1) It’s time to treat marijuana like alcohol. Tomorrow. Allow people to grow for personal use. Allow agribusiness or pharma to produce it — with certain potency standards — for sale in liquor stores or other specially designated shops. Allow it be used in the same ways and spaces as alcohol.
It’s not enough to decriminalize it. We must create an actual market that makes cartels and grow houses irrelevant. I heard someone say once, “Drug gangs don’t plant grapes.” Yep. That’s right. For all its murderous violence and ruthless impunity, the Klan failed miserably to win the war bootleggers. It took Bacardi and Anheuser Busch and Robert Mondavi to do the job. Big agribusiness can win the war on drug cartels. It certainly has a better shot at winning it than the DEA.
Marijuana profits form a very large portion of the Mexican cartels financial structure — up to 60 percent in some estimates. Let’s take that blood money away from them. Also, Judd himself once told me – five or so years ago — that most of Polk’s meth trade comes from Mexico, piggybacking on the existing marijuana networks and routes. Wiping out half their profits — almost overnight — and disrupting their networks organically would strike a greater blow for drug enforcement than anything in my lifetime.
2) Study the best approach for going after the cocaine market, with serious consideration given to selling it at pharmacies. Decriminalize possession. And assess the effects of marijuana market creation. Adjust to any unforeseen consequences.
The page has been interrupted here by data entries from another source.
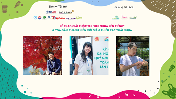 Cũng trong khuôn khổ chương trình, gần 100 đại biểu là đại diện các tổ chức phát triển, đơn vị tài trợ, doanh nghiệp, các thí sinh và các bạn trẻ quan tâm đến môi trường cũng đã cùng nhau trao đổi những quan điểm về vấn đề rác thải nhựa trong tọa đàm “Thanh niên với giảm thiểu rác thải nhựa”. Các khách mời của tọa đàm bao gồm: Nhà báo Đỗ Doãn Hoàng, chị Nguyễn Thị Thu Trang, Phó giám đốc GreenHub, bạn Nguyễn Bá Khải (thành viên nhóm Helius+).
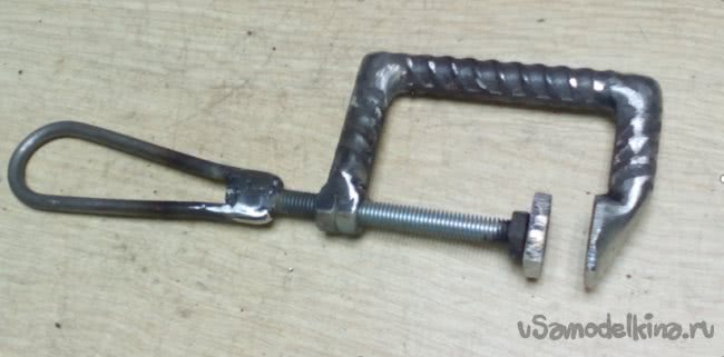 Струбцина почти готова осталось только сделать рукоятку. Есть разные варианты с воротками, барашками, ручками. Можно сделать с ручкой в виде душки. Стальному прутику придать нужную форму и приварить к винту.
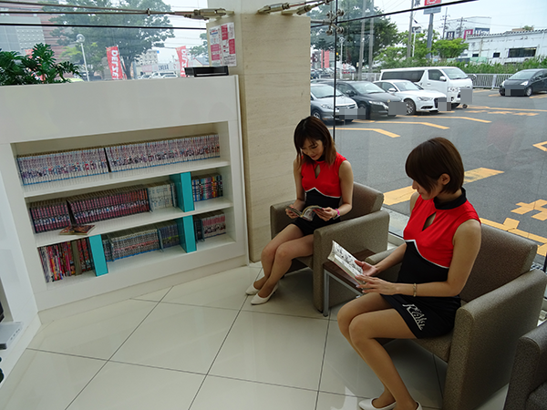 外からの光がはいるレストスペースも居心地がよく、友里奈ちゃんとさち。ちゃんもゆったりとくつろいでいた。漫画本や雑誌も用意されているため、有意義な休憩時間を過ごせることだろう。
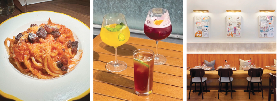 (左)ブカティーニ・アル・アマトリチャーナ(中)カクテルも種類豊富(右)近隣の子供たちの作品が飾られたメインダイニング
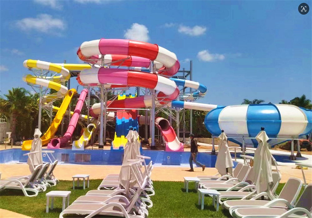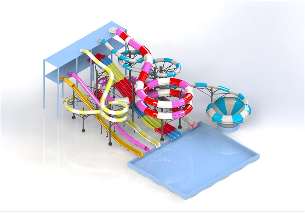 This project is designed for the hotel's supporting facilities. The water-based amusement facilities include double-person raft slides, spiral slides, multi-person competitive slides, vertical slides, bowl-shaped slides, and enclosed slides. These various slides are combined to form a comprehensive slide system.
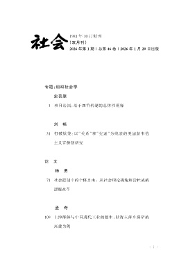 1981 年 10 月创刊 (双月刊) 2026 年第 1 期 | 总第 46 卷 | 2026 年 1 月 20 日出版 专题:组织社会学 史普原 1 项目治国:基于四重机制的总体性阐释 刘 畅 31 打破铁笼:以“关系”和“变通”为线索的美国新韦伯 主义官僚制研究 论 文 杨 勇 71 社会控制中的个体自由: 从社会理论视角解读杜威的 课程改革 孟 奇 109 士绅群体与中国现代工业的创生:以清末萍乡煤矿的 兴建为例 ·ⅰ·
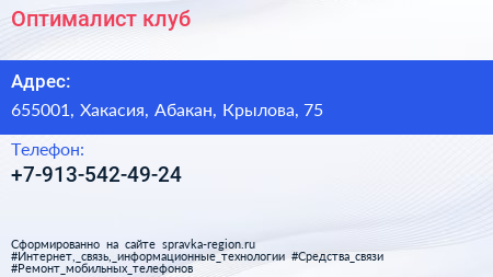 Оптималист, клуб по адресу 655001, Хакасия, Абакан, Крылова, 75 в дальнейшем Организация, размещена в следующих категориях:
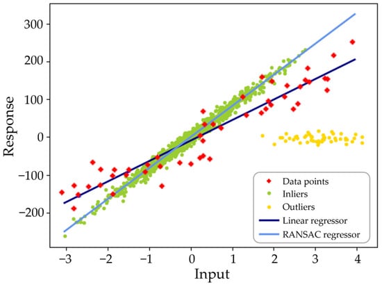 - Robust Linear Model Estimation Using RANSAC—Scikit-Learn 1.2.2 Documentation. Available online: https://scikit-learn.org/stable/auto_examples/linear_model/plot_ransac.html (accessed on 17 April 2023).
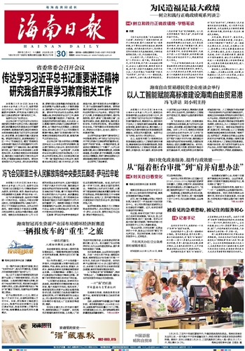 海南日报报业集团旗下媒体: 海南日报 |南国都市报 |南海网 |南岛晚报 |证券导报 |法制时报 |海南农垦报 返回首页
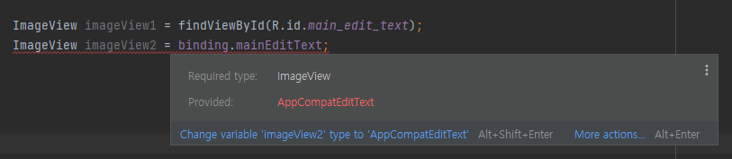 findViewById가 Type Safety하지 못한 이유에 대해서 알아봤다. 그렇다면 바인딩 방식은 findViewById와 무엇이 다르기에 Type Safety한 것인지 보자. 위 코드를 보면 바인딩 객체에서 mainEditText에 접근할 경우 <T extends View>와 같은 타입이 아닌 정확히 AppCompatEditText 객체를 반환해주고 있음을 볼 수 있다. 또 findViewById를 초기화할 땐 코드 문맥상 문제가 없기 때문에 에러를 잡지 못하지만 바인딩 객체는 정확한 타입의 객체를 반환함으로써 초기화려하는 객체의 타입과 반환하려는 객체의 타입이 다르다는 에러 메시지를 출력하고 있음을 볼 수 있다.

Ditto for meth, but it would come last — in part because of its environmental issues.
3) Focus policing of neighborhoods on public behavior in public spaces. Legalizing drugs is not the same as legalizing robbery or fighting or disorderly conduct.
4) Review prison sentences carefully, but do not just indiscriminately release people. Unfortunately, our prisons have become places where borderline guys tend to become hardened criminals. Stopping that process from happening is hugely important to the future of the country. But we can’t pretend the process hasn’t been ongoing for a long time and doesn’t present big potential risks for the neighborhoods that take in these men.
There you have it. My fantasy Grady Judd press conference. I am aware it is unlikely to ever happen. But you never know. The sheriff has a sense of history. He could make it here.
And those of you who still want to couch this economic issue as a moral one, one where the “only time there’s a gray area is when people try to justify their wrong actions,” try to answer this question:
Why aren’t you out there pushing for alcohol prohibition again?
I know absolutely no one who considers marijuana a more dangerous substance than alcohol. Pornography harms many fewer lives than alcohol abuse. It certainly kills fewer people. All these things you’re willing to ban and spend massive resources fighting are less harmful than alcohol. The reason you’re not willing to fight to ban again it is because people like to drink in massive numbers. And you know — from historical experience and the current experience of minors — that they will continue to drink even when it’s illegal. You’ve decided, implicitly, this is a war not worth fighting. That’s a good and noble judgement. We’re better off for it.
Recognizing wars that aren’t worth fighting is one of the most moral and intelligent acts a country can commit.